Tivo Bolt is hooked up to my 4K display.

Netflix giving me this error when I try to play anything 4K:

*"We're having trouble playing this title right now. Please try again later or select a different title."*

How can this be resolved.

Have had this 4K television for 2 years and have not seen 4K content on it.

Please hurry.


----------



## Dan203 (Apr 17, 2000)

Becuase it's 2 years old it's likely that it doesn't have HDMI 2.0/HDCP 2.2, which are required for 4K. That's the bad part about being an early adopter.
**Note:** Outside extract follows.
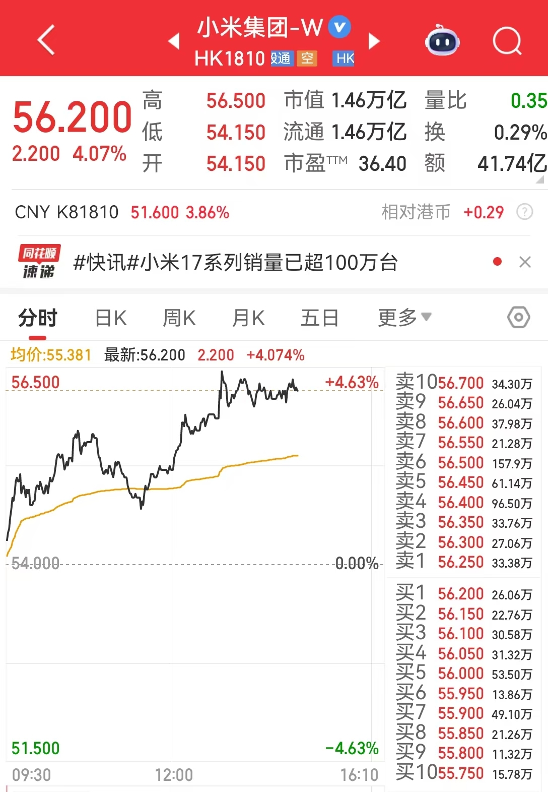 10 月 2 日,小米集团手机部总裁卢伟冰称小米 17 系列销量已超 100 万台,小米正抓紧提高生产。9 月 25 日,雷军发布该系列新机,9 月 27 日 10 点全渠道开售,5 分钟就刷新 2025 年国产手机全价位段新机系列首销全天销量、销额纪录。截至 10 月 2 日发稿,小米集团涨幅为 4.07%。

You might want to double check the specs of the TV to be sure, but I'm betting that's the issue.


----------



## winning (Oct 20, 2015)

I have the Planar UltraRes 84" UHDTV from 2013.

It has HDMI 2.0.

Does not have HDCP 2.2.


----------



## Dan203 (Apr 17, 2000)

winning said:


> Does not have HDCP 2.2.


Then Netflix wont work. YouTube might though.


----------



## jmy2469 (Oct 19, 2015)

winning said:


> Tivo Bolt is hooked up to my 4K display.
> 
> Netflix giving me this error when I try to play anything 4K:
> 
> ...


You need to have the Premium Account from Netflix and at least 25mbps for your internet. What HDMI cables are you using?


----------



## lessd (Jan 23, 2005)

Dan203 said:


> Then Netflix wont work. YouTube might though.
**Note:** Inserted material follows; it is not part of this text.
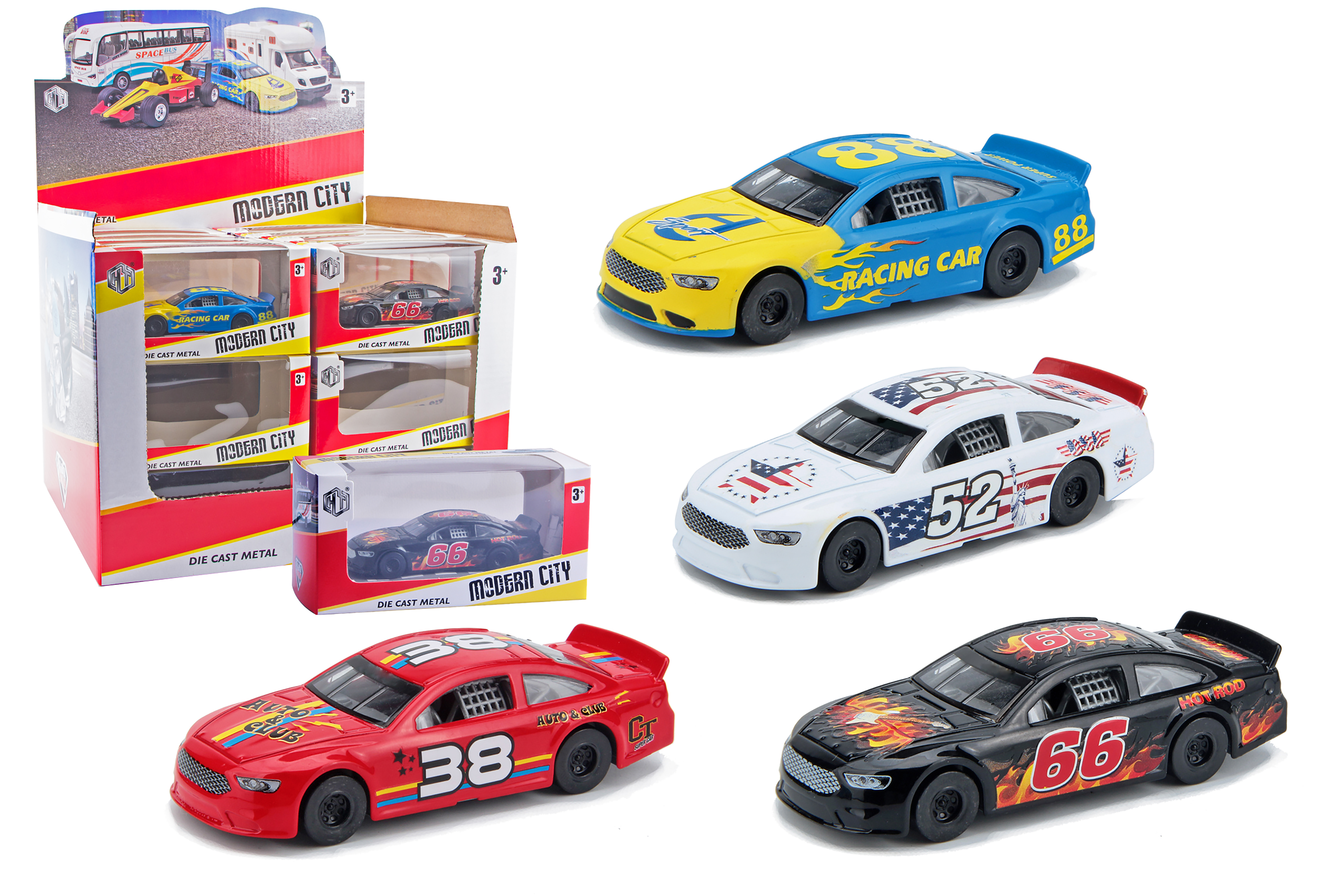 Auto závodní na zpětné natažení. Rozměry auta 10,5x4,2x2,8 cm. Display box 24 ks. 4 varianty - modrá, bílá, červená, černá.

If you have 4K Netflex service (4 streams) than use your TV Netflix App you should get 4K, do that first then you will know if you problem is the HDMI cable or your Netflix service/internet speed.


----------



## atmuscarella (Oct 11, 2005)

lessd said:


> If you have 4K Netflex service (4 streams) than use your TV Netflix App you should get 4K, do that first then you will know if you problem is the HDMI cable or your Netflix service/internet speed.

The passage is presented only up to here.